Al-Hilal enfrenta a Al-Taawoun con la presión de una maldición
Al-Hilal llega a Buraidah con algo más que tres puntos en juego. Llega con un miedo muy concreto: romper una racha que lleva cinco años intacta en la Saudi Roshn League.
El líder del campeonato visita mañana sábado a Al-Taawoun en la séptima jornada, todavía con el golpe fresco de su primera derrota de la temporada, el 2-0 encajado ante Neom el pasado lunes en la sexta fecha. No fue solo una caída aislada. En Riad muchos miran ahora al calendario y a la historia reciente con cierta inquietud.
El “maleficio” de las dos derrotas seguidas
En el club capitalino se habla de “maldición” porque el precedente no se olvida. La última vez que Al-Hilal perdió dos partidos consecutivos de liga fue hace alrededor de cinco años, en una secuencia que arrancó precisamente frente a su vecino y rival de siempre, Al-Nassr.

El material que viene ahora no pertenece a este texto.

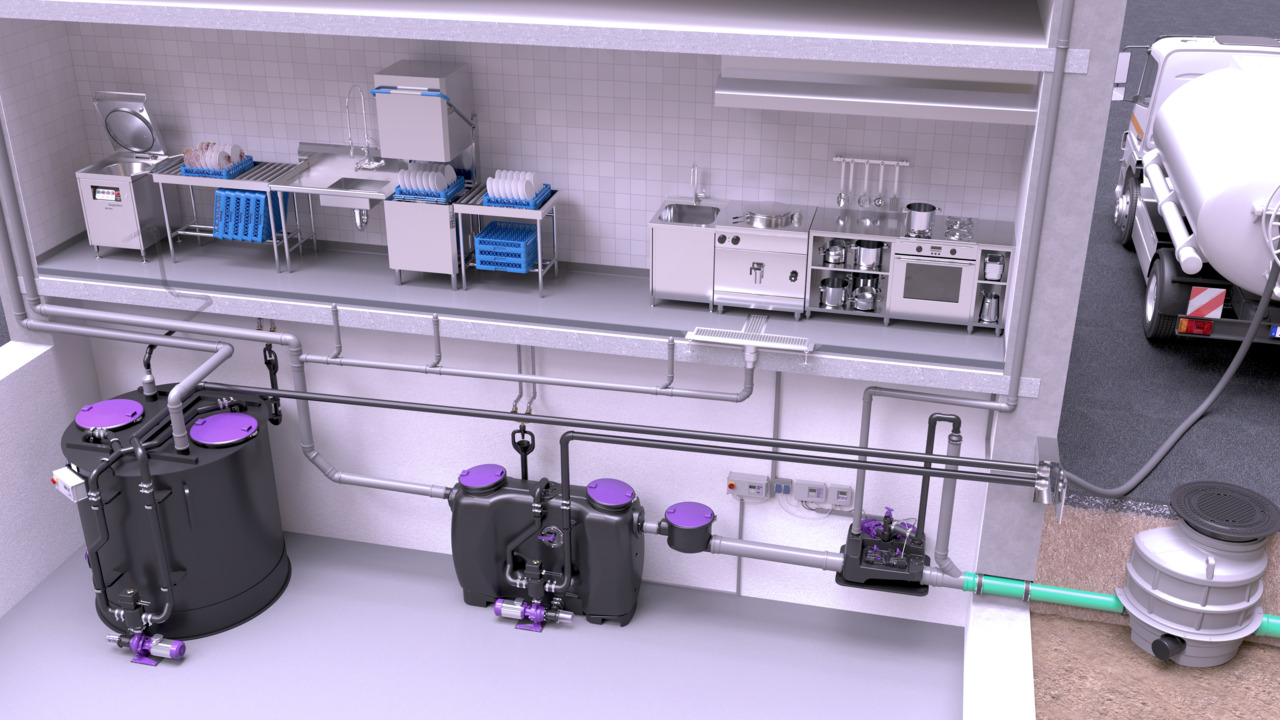 Ancora più efficienti, ancora più igienici: gli impianti per rifiuti umidi sono utilizzati per ottimizzare il processo di smaltimento dei resti di cibo. I resti di cibo vengono triturati finemente in un sistema chiuso e raccolti fino a che il veicolo di smaltimento non viene a prelevarli - senza fatica, senza odori, senza stress.
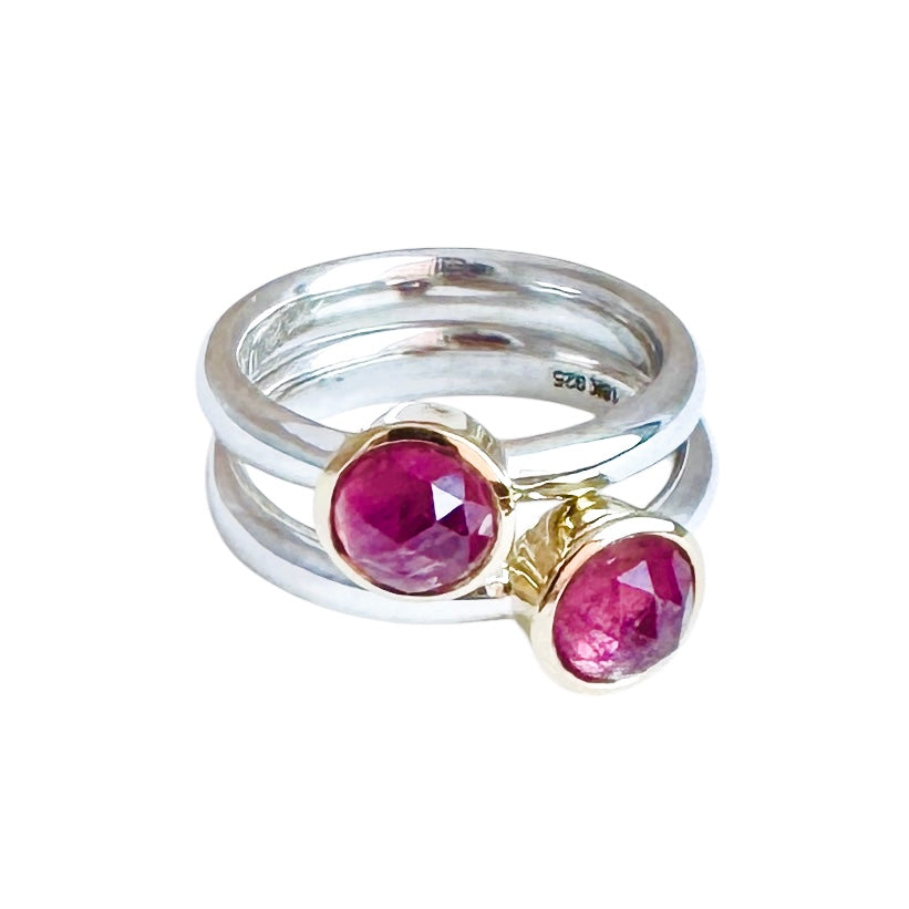 Dieser Rubin Bicolor Ring vereint meisterhafte Handwerkskunst mit edlen Materialien. Von Hand gefertigt, kombiniert hochwertiges Sterlingsilber mit 18 Karat Gold. Der natürliche, unbehandelte pinke Rubin verleiht dem Ring eine einzigartige Ausstrahlung und betont seine exklusive Qualität. Ein Schmuckstück für Kenner, das zeitlose Eleganz und natürliche Schönheit harmonisch verbindet.

En diciembre de 2021, Al-Hilal cayó 2-0 ante Al-Nassr. En la jornada siguiente, volvió a tropezar: 3-2 frente a Al-Fateh. Dos golpes seguidos que dejaron una cicatriz deportiva y emocional. Desde entonces, el gigante de Riad no ha vuelto a encadenar derrotas ligueras: cada vez que perdió, como mucho, el partido posterior terminó en empate.
Esa consistencia se ha convertido en un sello de identidad. Y es exactamente lo que está en juego en Buraidah.
Un líder bajo presión silenciosa
La tabla dice que Al-Hilal llega como líder de la Saudi Roshn League con 15 puntos, por delante de Al-Nassr y Al-Qadsiah únicamente por diferencia de goles, segundo y tercero respectivamente. El margen es mínimo. Un tropiezo más puede cambiar el dibujo de la parte alta de la clasificación de un plumazo.
“El Boss” sabe que no solo defiende la cima. Defiende una cultura competitiva construida a base de reaccionar con firmeza tras cada derrota. Perder otra vez, justo ahora, abriría la puerta a los perseguidores y reavivaría los fantasmas de aquella secuencia negra.
Al-Taawoun, en su estadio y ante su gente, huele la oportunidad. Al-Hilal, herido pero todavía en lo más alto, llega con una pregunta clara sobre la mesa: ¿mantener la tradición de levantarse al primer intento o revivir una maldición que parecía enterrada?